Write out, word for word, every line in the data below from the one containing "- 未使用★国民体育大会 国体" to the one containing "あとトランプは国連総会での演", both of them included.

• RECORDS FOR THE EXERCISE:
━━━━━━

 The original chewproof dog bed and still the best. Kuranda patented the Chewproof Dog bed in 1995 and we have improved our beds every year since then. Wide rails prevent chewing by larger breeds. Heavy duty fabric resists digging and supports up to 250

━━━━━━

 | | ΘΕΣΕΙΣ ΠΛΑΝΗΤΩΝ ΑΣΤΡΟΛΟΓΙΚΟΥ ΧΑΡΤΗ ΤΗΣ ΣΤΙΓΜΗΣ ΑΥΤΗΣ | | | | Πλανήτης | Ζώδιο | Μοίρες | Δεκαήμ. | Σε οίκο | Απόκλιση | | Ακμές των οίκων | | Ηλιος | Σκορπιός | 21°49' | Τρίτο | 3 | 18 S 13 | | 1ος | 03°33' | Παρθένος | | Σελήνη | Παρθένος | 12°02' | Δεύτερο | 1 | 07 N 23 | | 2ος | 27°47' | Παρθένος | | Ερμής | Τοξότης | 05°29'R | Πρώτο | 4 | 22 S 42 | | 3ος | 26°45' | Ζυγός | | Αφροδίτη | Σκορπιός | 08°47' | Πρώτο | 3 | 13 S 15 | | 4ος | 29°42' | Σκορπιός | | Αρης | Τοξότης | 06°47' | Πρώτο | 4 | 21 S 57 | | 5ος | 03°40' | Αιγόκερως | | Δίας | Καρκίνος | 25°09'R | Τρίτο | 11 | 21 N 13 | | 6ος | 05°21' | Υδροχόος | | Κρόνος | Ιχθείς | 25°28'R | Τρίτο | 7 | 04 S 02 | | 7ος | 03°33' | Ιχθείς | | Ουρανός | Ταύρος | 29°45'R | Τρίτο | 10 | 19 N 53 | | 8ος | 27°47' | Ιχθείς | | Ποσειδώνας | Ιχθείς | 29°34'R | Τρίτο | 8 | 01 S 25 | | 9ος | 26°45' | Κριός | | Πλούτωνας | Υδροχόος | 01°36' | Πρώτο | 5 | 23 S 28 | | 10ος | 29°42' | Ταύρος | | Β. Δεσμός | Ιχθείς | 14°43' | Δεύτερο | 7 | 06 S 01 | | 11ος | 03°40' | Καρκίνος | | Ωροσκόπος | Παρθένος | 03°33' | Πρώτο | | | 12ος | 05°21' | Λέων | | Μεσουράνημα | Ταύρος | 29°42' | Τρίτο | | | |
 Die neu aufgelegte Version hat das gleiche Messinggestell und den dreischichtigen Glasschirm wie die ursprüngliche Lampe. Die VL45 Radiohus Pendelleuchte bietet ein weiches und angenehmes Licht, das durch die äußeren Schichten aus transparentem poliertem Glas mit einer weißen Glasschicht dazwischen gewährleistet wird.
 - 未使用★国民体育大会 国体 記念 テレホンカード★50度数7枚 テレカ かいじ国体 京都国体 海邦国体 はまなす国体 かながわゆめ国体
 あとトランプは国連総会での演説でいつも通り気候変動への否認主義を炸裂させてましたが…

━━━━━━

• YOUR RESPONSE:
 - 未使用★国民体育大会 国体 記念 テレホンカード★50度数7枚 テレカ かいじ国体 京都国体 海邦国体 はまなす国体 かながわゆめ国体
 あとトランプは国連総会での演説でいつも通り気候変動への否認主義を炸裂させてましたが…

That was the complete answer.